Alors que le gouverneur de la Banque de la République d’Haïti (BRH), Ronald Gabriel, annonce la mise en place d’une plateforme de paiement ultramoderne, interopérable et compatible avec la blockchain afin de permettre des paiements instantanés, son discours soulève une contradiction difficile à ignorer.
Comment promouvoir la modernisation du système financier tout en menaçant de poursuites Dessalines Bank, accusée d’avoir proposé des services financiers numériques ? Cette apparente incohérence interpelle.
D’un côté, la BRH se projette vers l’avenir en évoquant des technologies comme la blockchain, les cryptomonnaies et les stablecoins.
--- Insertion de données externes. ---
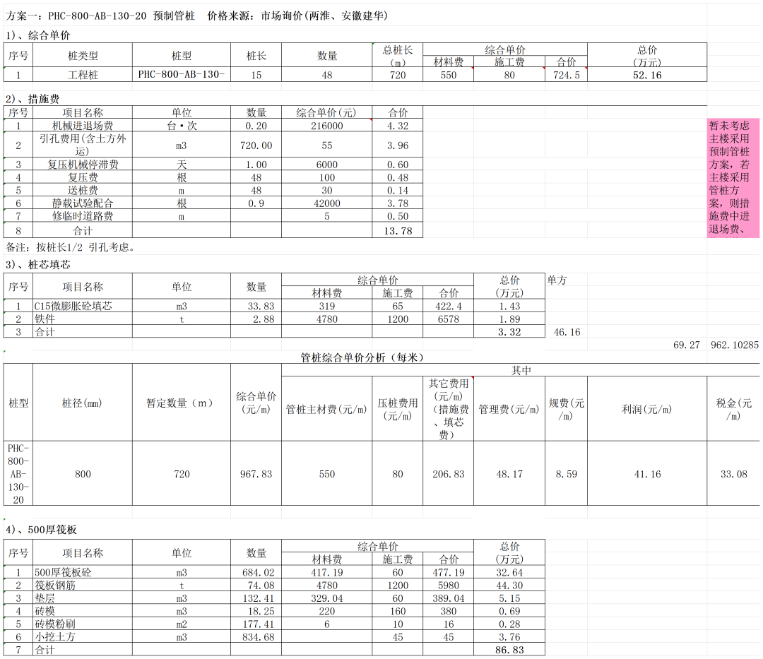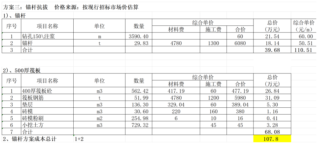 根據(jù)設(shè)計院提供的方案,就抗拔錨桿、預(yù)制管樁、人工萬挖孔樁三種方案經(jīng)濟性比較如下:

De l’autre, elle adopte une approche répressive à l’égard d’initiatives qui pourraient justement contribuer à préparer le terrain à cette transformation.
Au-delà de l’avertissement adressé au public, cette situation met en lumière les difficultés de la régulation financière en Haïti, souvent confrontée à une innovation qui évolue plus rapidement que le cadre juridique.
Plutôt que de décourager les nouvelles initiatives, la Banque centrale ne gagnerait-elle pas à les encadrer, à définir des règles claires et à favoriser l’émergence d’un véritable écosystème financier numérique, à la fois sécurisé, innovant et compétitif ?
Les citoyens, appelés à faire preuve de vigilance, sont également en droit d’attendre des autorités une vision cohérente, une réglementation adaptée aux nouvelles réalités technologiques et, surtout, des résultats concrets en matière de modernisation du système financier.